▶ _TASK DESCRIPTION_:
Please copy, exactly as written, the span from the first line below to the line that contains "related to programming;", including both, and skip the pictures.

▶ _RECORDS SHOWN_:
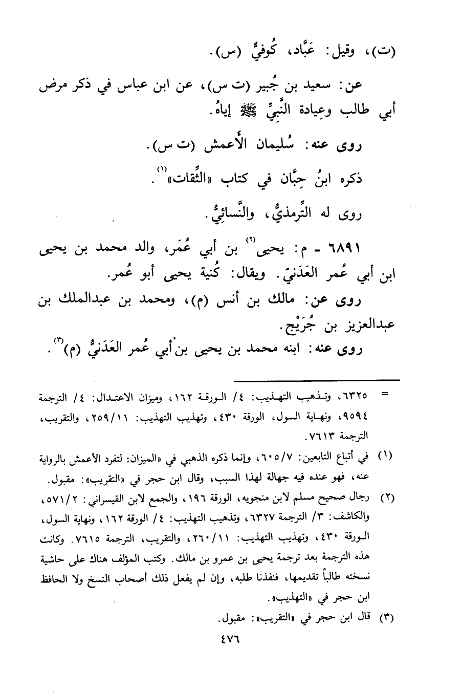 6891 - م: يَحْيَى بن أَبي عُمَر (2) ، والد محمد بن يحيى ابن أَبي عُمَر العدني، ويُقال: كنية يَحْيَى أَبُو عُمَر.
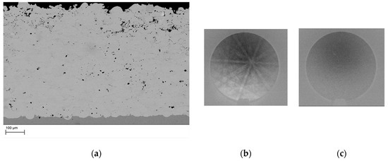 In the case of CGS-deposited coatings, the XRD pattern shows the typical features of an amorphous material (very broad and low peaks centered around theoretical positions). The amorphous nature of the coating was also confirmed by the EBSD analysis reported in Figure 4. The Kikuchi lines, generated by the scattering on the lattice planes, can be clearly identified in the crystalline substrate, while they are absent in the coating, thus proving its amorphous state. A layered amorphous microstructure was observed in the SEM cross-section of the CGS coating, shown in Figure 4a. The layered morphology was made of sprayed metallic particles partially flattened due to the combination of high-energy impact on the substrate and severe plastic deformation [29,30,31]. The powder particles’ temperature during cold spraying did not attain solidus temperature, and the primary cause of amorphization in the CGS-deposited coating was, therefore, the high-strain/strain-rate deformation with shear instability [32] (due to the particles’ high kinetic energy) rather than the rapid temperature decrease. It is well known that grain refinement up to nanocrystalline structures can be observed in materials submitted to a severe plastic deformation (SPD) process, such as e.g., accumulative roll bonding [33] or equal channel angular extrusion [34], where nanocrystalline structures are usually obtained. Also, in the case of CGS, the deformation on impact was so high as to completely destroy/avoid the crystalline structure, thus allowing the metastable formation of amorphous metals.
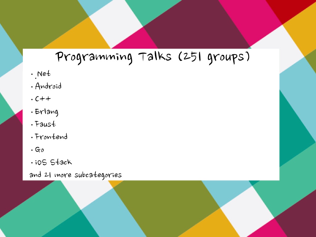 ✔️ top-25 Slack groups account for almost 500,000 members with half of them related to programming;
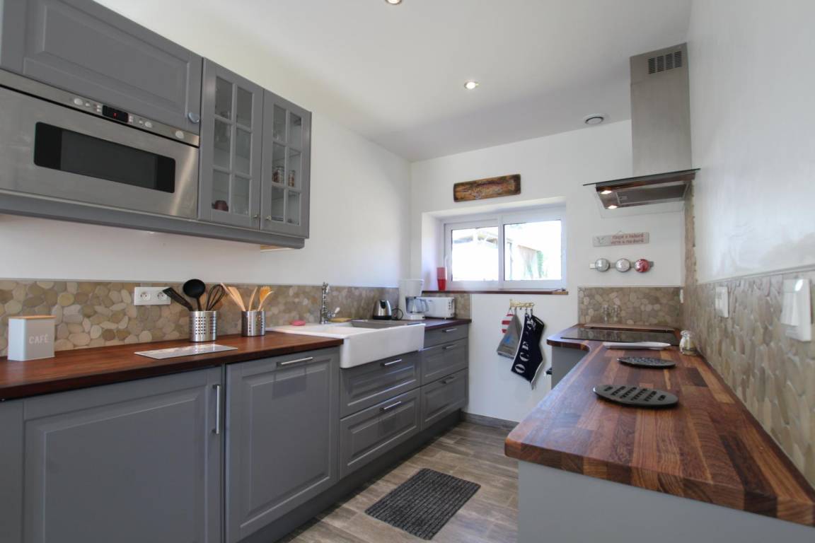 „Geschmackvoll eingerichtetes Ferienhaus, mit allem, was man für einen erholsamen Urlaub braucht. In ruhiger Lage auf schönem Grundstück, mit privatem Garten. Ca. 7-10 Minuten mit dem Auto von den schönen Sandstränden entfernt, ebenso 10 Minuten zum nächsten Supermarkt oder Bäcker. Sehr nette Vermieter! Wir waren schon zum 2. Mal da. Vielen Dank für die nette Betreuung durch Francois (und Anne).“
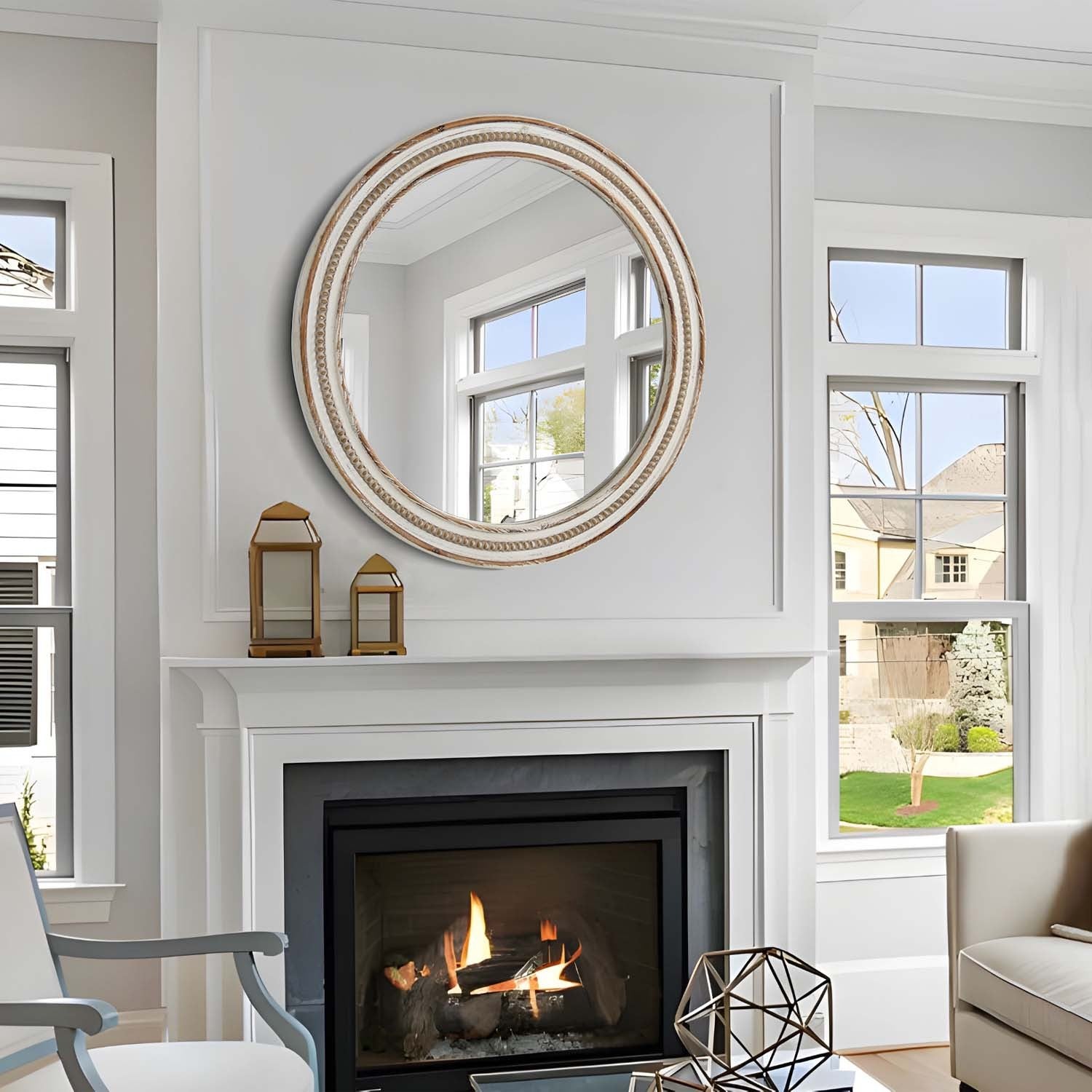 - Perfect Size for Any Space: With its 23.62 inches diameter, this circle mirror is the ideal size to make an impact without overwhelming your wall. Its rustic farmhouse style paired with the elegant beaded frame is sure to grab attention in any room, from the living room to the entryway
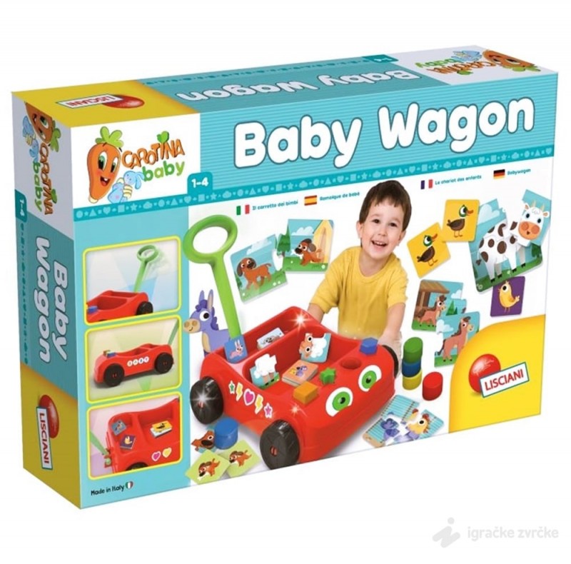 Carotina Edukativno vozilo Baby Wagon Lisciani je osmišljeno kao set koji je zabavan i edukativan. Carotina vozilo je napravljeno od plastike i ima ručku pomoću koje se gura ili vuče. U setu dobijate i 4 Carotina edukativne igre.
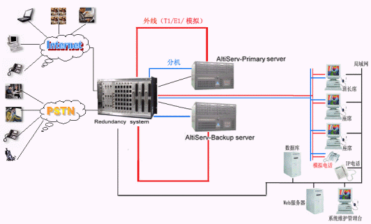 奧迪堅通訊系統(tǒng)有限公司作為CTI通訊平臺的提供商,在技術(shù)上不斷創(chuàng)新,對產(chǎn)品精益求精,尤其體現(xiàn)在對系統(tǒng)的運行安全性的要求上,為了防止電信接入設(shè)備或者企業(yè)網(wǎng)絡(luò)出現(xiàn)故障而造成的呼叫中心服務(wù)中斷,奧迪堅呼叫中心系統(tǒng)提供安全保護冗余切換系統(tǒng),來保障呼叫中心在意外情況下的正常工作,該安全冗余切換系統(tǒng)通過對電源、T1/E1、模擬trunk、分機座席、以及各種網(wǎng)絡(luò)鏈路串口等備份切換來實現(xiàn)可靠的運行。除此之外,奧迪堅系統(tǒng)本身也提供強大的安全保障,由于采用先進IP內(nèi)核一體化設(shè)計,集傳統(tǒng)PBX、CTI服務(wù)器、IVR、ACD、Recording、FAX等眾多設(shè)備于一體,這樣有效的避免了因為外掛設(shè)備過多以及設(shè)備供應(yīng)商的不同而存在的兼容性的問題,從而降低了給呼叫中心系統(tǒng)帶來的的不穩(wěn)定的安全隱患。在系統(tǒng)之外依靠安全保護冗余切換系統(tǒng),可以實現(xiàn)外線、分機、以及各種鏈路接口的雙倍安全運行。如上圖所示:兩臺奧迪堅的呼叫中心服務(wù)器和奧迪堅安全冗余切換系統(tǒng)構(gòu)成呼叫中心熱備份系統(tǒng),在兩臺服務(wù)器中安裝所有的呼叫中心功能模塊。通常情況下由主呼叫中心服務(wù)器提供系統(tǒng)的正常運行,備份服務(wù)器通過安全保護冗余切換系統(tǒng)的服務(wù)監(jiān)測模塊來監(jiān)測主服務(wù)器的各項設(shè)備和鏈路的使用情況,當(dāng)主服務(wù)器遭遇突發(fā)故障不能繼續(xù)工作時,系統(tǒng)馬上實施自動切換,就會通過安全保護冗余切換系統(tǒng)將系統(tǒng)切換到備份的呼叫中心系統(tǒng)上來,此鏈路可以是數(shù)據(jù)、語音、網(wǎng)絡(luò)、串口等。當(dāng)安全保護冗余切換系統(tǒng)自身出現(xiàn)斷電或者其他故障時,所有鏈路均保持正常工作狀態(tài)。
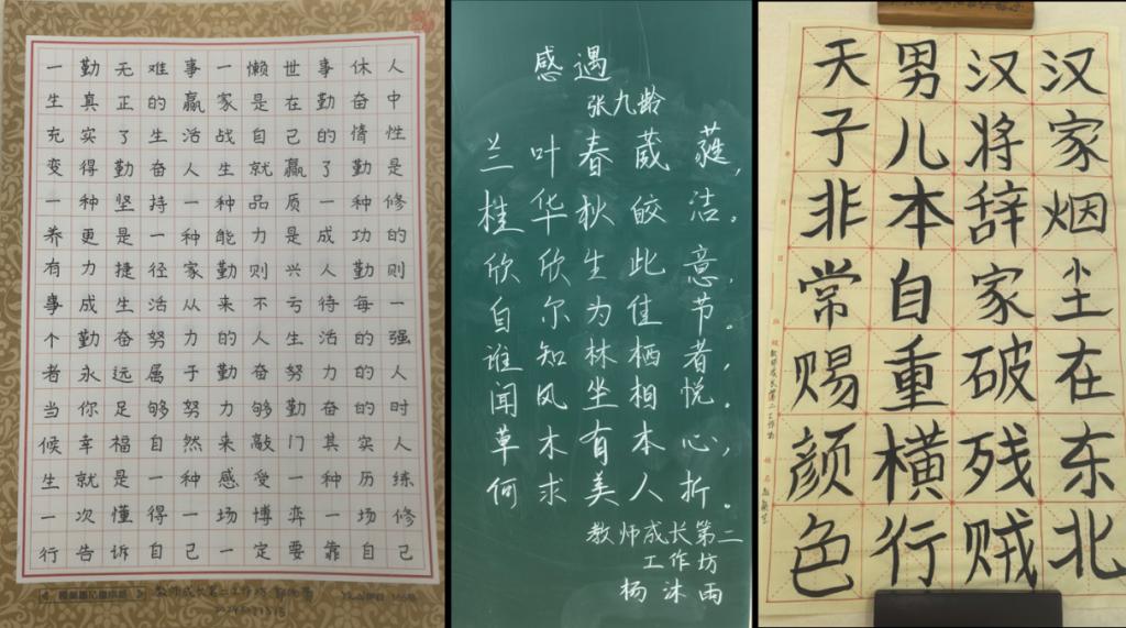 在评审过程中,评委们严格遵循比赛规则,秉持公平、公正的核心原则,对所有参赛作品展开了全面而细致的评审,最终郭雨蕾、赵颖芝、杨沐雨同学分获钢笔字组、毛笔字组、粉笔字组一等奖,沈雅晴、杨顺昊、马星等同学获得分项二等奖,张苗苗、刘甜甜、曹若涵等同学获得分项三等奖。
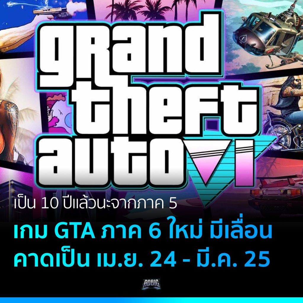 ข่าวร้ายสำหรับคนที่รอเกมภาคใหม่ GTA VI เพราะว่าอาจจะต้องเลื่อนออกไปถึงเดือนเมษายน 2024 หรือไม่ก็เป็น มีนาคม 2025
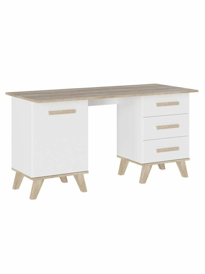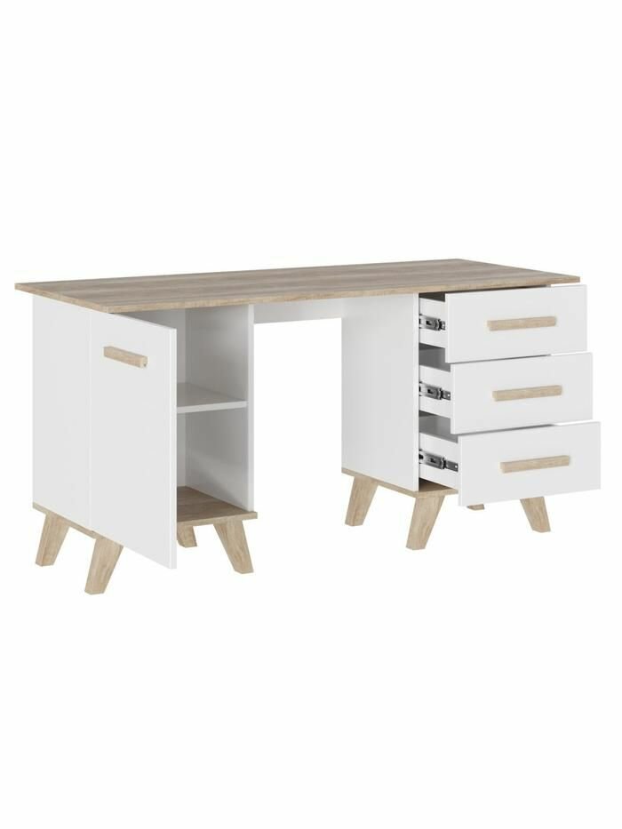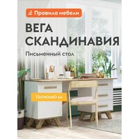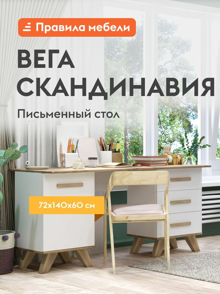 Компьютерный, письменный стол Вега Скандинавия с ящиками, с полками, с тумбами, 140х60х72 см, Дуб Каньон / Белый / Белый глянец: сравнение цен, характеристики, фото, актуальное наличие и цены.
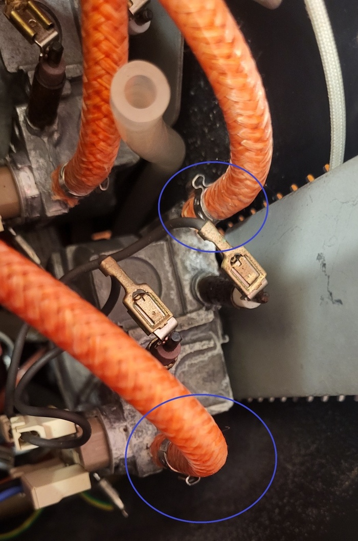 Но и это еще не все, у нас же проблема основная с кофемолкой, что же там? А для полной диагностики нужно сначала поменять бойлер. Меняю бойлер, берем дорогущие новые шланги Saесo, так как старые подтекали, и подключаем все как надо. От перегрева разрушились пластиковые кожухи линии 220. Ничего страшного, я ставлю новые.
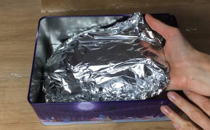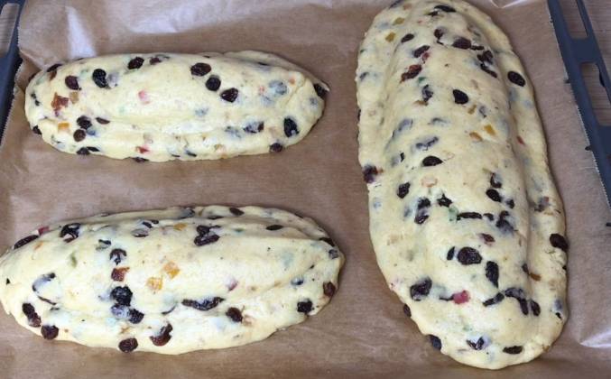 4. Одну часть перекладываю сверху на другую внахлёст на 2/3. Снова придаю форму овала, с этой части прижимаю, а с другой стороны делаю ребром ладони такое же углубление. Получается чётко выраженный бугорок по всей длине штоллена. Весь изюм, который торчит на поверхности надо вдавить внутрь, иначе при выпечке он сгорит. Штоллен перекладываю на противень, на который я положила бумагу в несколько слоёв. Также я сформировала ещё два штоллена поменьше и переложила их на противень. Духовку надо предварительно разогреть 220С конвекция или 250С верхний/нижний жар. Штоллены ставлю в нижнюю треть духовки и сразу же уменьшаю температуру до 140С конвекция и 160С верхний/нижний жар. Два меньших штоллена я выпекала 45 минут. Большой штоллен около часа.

▶ _TASK OUTPUT_:
 6891 - م: يَحْيَى بن أَبي عُمَر (2) ، والد محمد بن يحيى ابن أَبي عُمَر العدني، ويُقال: كنية يَحْيَى أَبُو عُمَر.
 In the case of CGS-deposited coatings, the XRD pattern shows the typical features of an amorphous material (very broad and low peaks centered around theoretical positions). The amorphous nature of the coating was also confirmed by the EBSD analysis reported in Figure 4. The Kikuchi lines, generated by the scattering on the lattice planes, can be clearly identified in the crystalline substrate, while they are absent in the coating, thus proving its amorphous state. A layered amorphous microstructure was observed in the SEM cross-section of the CGS coating, shown in Figure 4a. The layered morphology was made of sprayed metallic particles partially flattened due to the combination of high-energy impact on the substrate and severe plastic deformation [29,30,31]. The powder particles’ temperature during cold spraying did not attain solidus temperature, and the primary cause of amorphization in the CGS-deposited coating was, therefore, the high-strain/strain-rate deformation with shear instability [32] (due to the particles’ high kinetic energy) rather than the rapid temperature decrease. It is well known that grain refinement up to nanocrystalline structures can be observed in materials submitted to a severe plastic deformation (SPD) process, such as e.g., accumulative roll bonding [33] or equal channel angular extrusion [34], where nanocrystalline structures are usually obtained. Also, in the case of CGS, the deformation on impact was so high as to completely destroy/avoid the crystalline structure, thus allowing the metastable formation of amorphous metals.
 ✔️ top-25 Slack groups account for almost 500,000 members with half of them related to programming;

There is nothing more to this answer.